Can the library definition of atof() be found somewhere ?

#include <stdio.h>
#include <stdlib.h>
#include <math.h>

float str_to_float(char *);
void float_to_str(float,char *);

int main(){
    int max_size;
    float x;
    char *arr;
    printf("Enter max size of string : ");
    scanf("%d",&max_size);
    arr=malloc((max_size+1)*sizeof(char));
    scanf("%s",arr);
    x=str_to_float(arr);
    printf("%f\n%f",x,atof(arr));
    return 0;
}

float str_to_float(char *arr){
    int i,j,flag;
    float val;
    char c;
    i=0;
    j=0;
    val=0;
    flag=0;
    while ((c = *(arr+i))!='\0'){
//      if ((c<'0')||(c>'9')) return 0;
        if (c!='.'){
            val =(val*10)+(c-'0');
            if (flag == 1){
                --j;
            }
        }
        if (c=='.'){ if (flag == 1) return 0; flag=1;}
        ++i;
    }
    val = val*pow(10,j);
    return val;
}

Answer 1

Change all your floats to doubles. When I tested it, that gave the same result as the library function atof for your test case.

atof returns double, not float. Remember that it actually is double and not float that is the "normal" floating-point type in C. A floating-point literal, such as 3.14, is of type double, and library functions such as sin, log and (the perhaps deceptively named) atof work with doubles.

It will still not be "precise", though. The closest you can get to 1236.965 as a float is (exactly) 1236.9649658203125, and as a double 1236.964999999999918145476840436458587646484375, which will be rounded to 1236.965000 by printf. No matter how many bits you have in a binary floating-point number, 1236.965 can't be exactly represented, similar to how 1/3 can't be exactly represented with a finite number of decimal digits: 0.3333333333333333...

And also, as seen in the discussion in comments, this is a hard problem, with many possible pitfalls if you want code that will always give the closest value.

Answer 2

I used your code as inspiration to write my own. What other commenters and answers do not recognize is that the original reason for the question is an embedded situation.
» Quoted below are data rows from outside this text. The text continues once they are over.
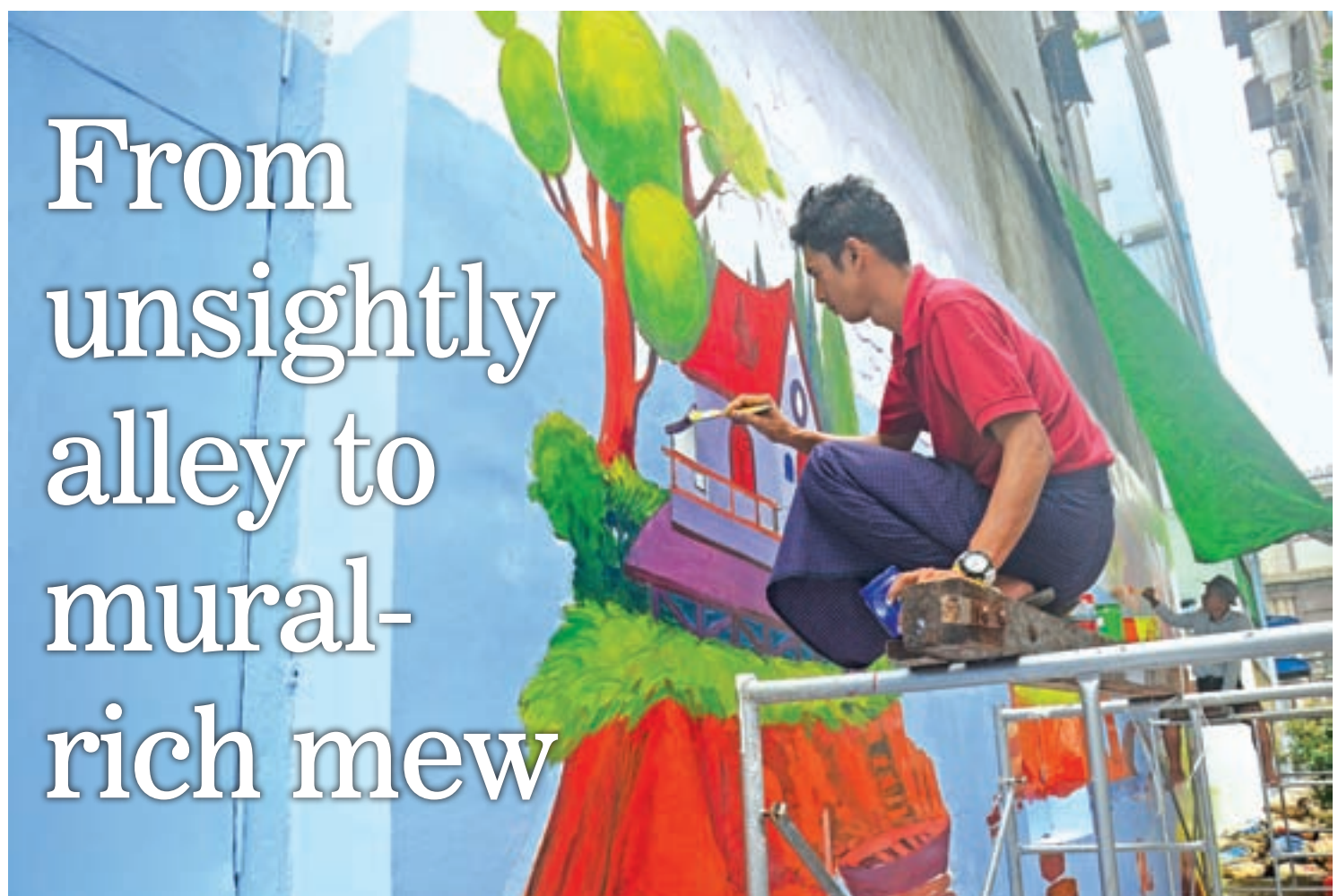
An artist paints a mural in the alley between 31st and 32nd streets in Pabedan Township, Yangon.

Due to limitation of space we are only able to publish "Letter to the Editor" that do not exceed 500 words. Should you submit a text longer than 500 words please be aware that your letter will be edited.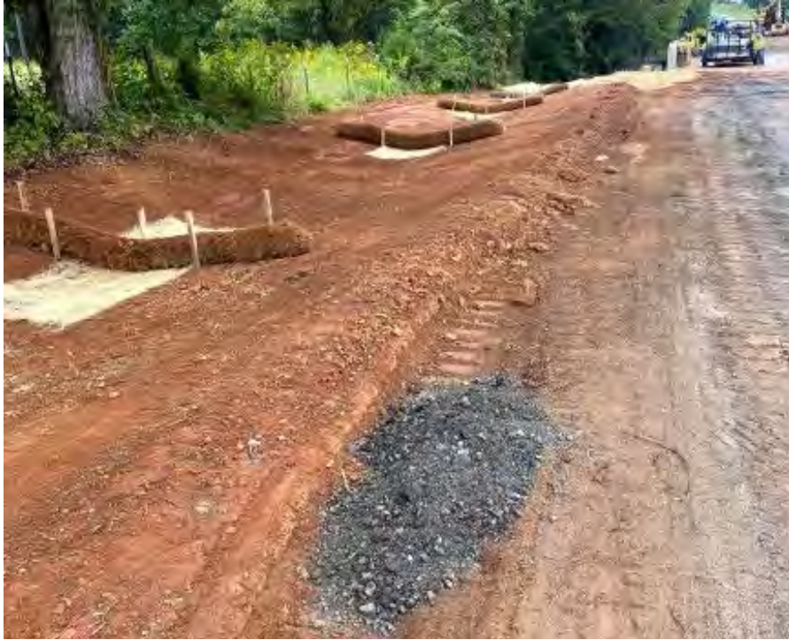
Photo- Bridge #255 over Grant's Creek – Coir Fiber Wattles with PAM (9/16/2021)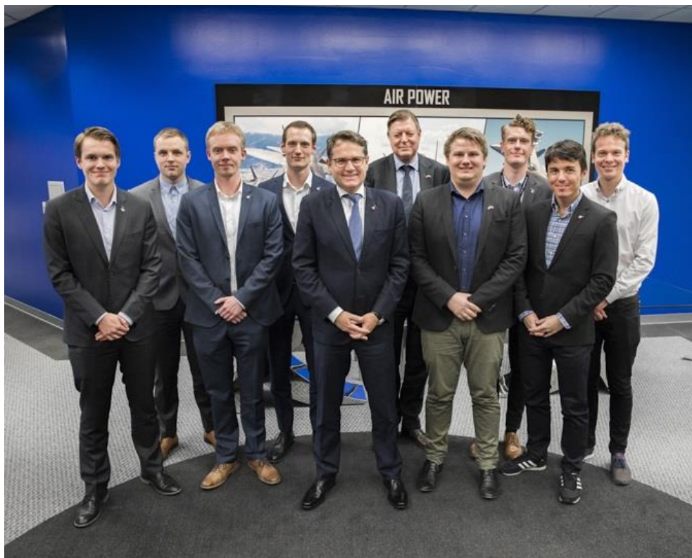
Figure 6: Danish Minister for Industry Brian Mikkelsen with the Terma intern group

The Danish Minister for Industry, Business and Financial Affairs, Brian Mikkelsen, also visited the facility during our time interning at Lockheed Martin. The intern group met with him and his delegation, where we shared our experiences and impressions about the workplaces and the F-35 program in general.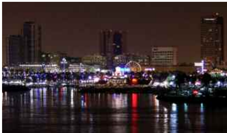
Picturesque San Diego is the site of the Academy of Osseointegration's February meeting.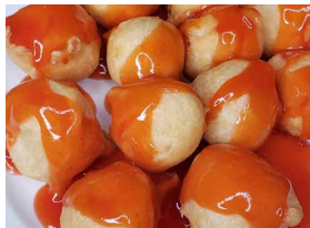
Sweet & Sour Chicken Balls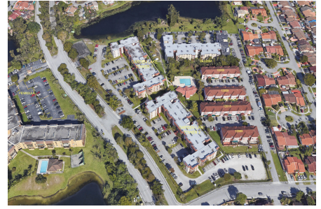
Built in 1983 - 124 units - 4 floors

Number of units: 124 Number of active listings for rent: 0 Number of active listings for sale: 1 Building inventory for sale: 0% Number of sales over the last 12 months: 2 Number of sales over the last 6 months: 1 Number of sales over the last 3 months: 1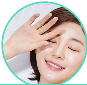
exposure to sunlight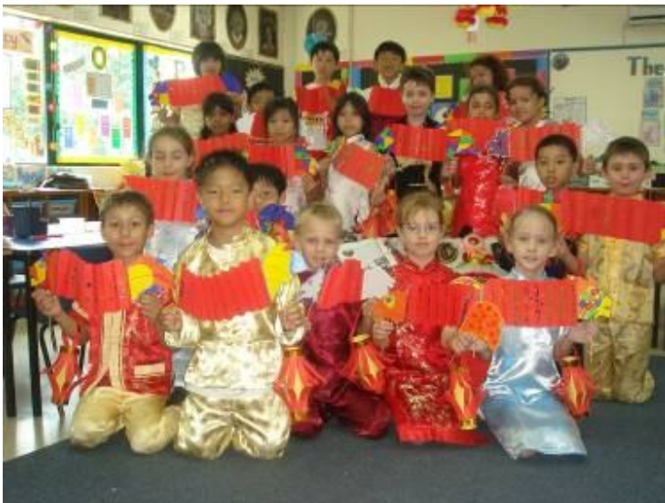
Showing off their Chinese dragon & lantern designs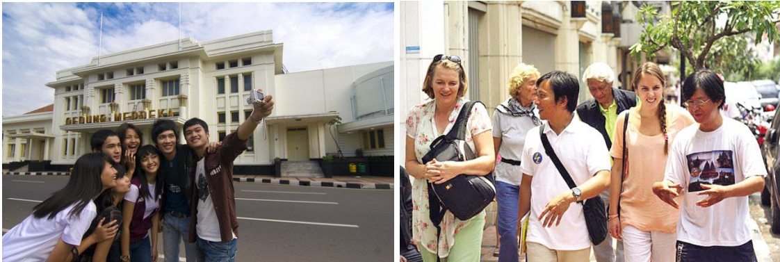
(for illustrative purposes only)

This activity will be co-coordinated with Bandung Heritage community. The community study and support the act of perseverance of historical building in Bandung. One of their campaign is to spread awareness about the importance of historical sites and share the knowledge through an activity called Bandung Historical Walk . Thus adapted to be the follow up activity for Heritage theme.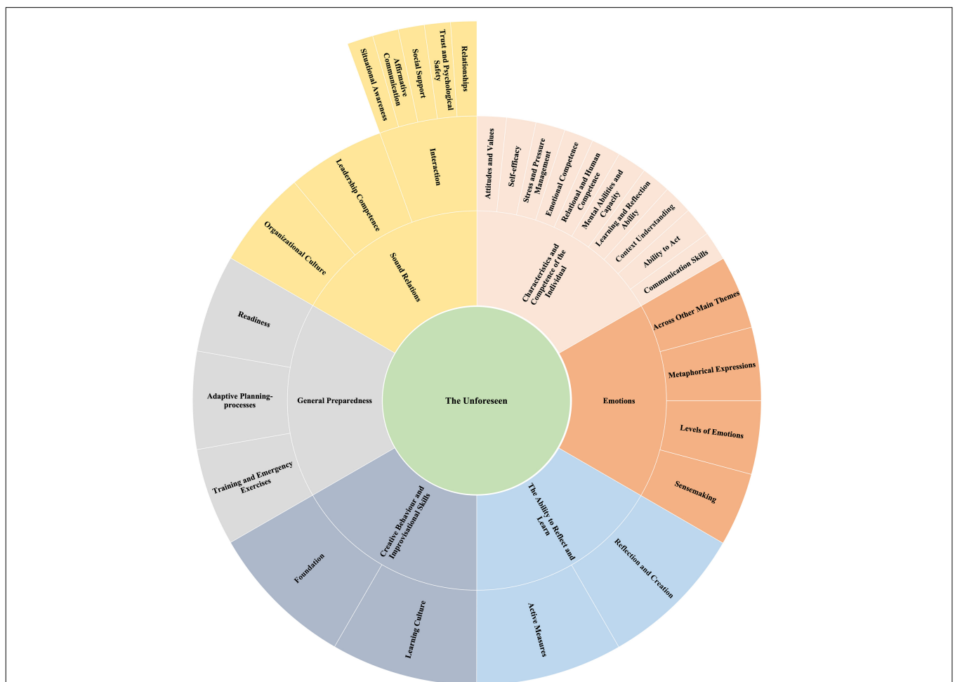
FIGURE 2 | Sunburst map of the seven main themes, including sub-themes and sub-sub-themes. The map also represents a panarchy of three adaptive cross-level cycles (Holling and Gunderson, 2002) based on the main types of competence, units of competence, and elements of competence (Burke, 1990; Truelove, 1995).

The Unforeseen emerged as the first rich and complex theme participants highlighted from their experiences and reflections, as shown in Table 3 . This was somewhat expected, as all study participants were selected because of their unique and extensive knowledge of dealing with some of the most challenging and unforeseen events that have affected Norway in recent times, including the terrorist attack of 22 July 2011. Three separate sub-themes materialized from the data. These were The Unforeseen Phenomenon , The Experience of an Unforeseen Event , and Temporary Shortcomings .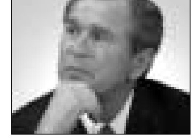
Bush: preparing to back Israel

This is why Condoleezza Rice is pushing $75 million to fund Iranian opposition groups to try to achieve regime change" from within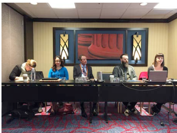
The SSS Young Scholars Panel at the 2018 ASEES Convention.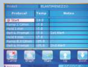
Full user-programmability eliminates need for any "chips" to change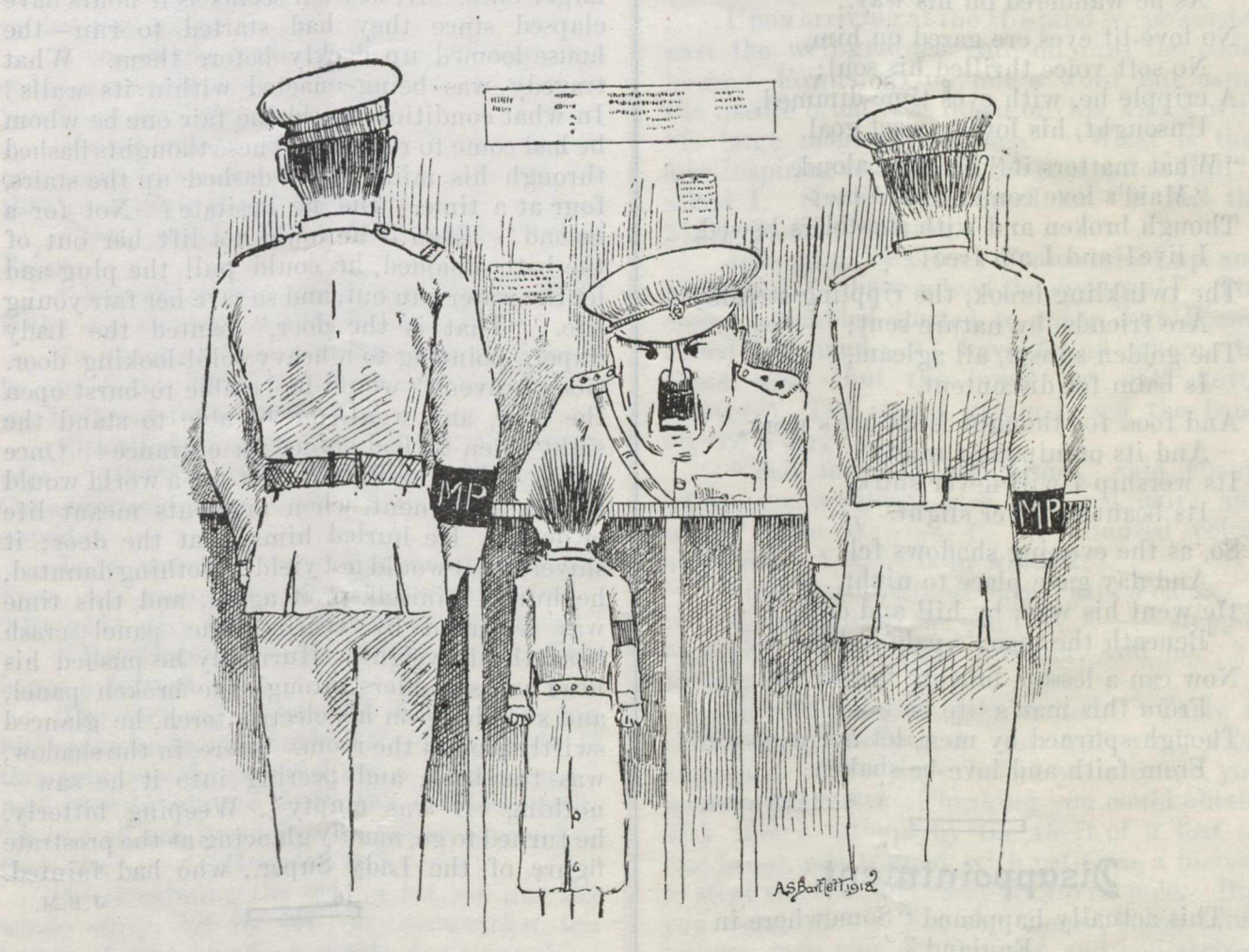
That "Orderly Room" Feeling.

. 19 ton tred Petneof His wiley vin He at

In my case the library "atof" pulls in something that does "printf" which pulls in "systemcalls" which I don't have.

So.... here I present a simple (does not implement exponential notation) atof implementation that works in floats, and is suitable for embedding.

My implementation uses way less variables.

float ratof(char *arr)
{
  float val = 0;
  int afterdot=0;
  float scale=1;
  int neg = 0; 

  if (*arr == '-') {
    arr++;
    neg = 1;
  }
  while (*arr) {
    if (afterdot) {
      scale = scale/10;
      val = val + (*arr-'0')*scale;
    } else {
      if (*arr == '.') 
    afterdot++;
      else
    val = val * 10.0 + (*arr - '0');
    }
    arr++;
  }
  if(neg) return -val;
  else    return  val;
}

Answer 3

how to make the user defined atof() implementation more 'correct' ?

Easy: 1) never overflow intermediate calculation and 2) only round once (at the end).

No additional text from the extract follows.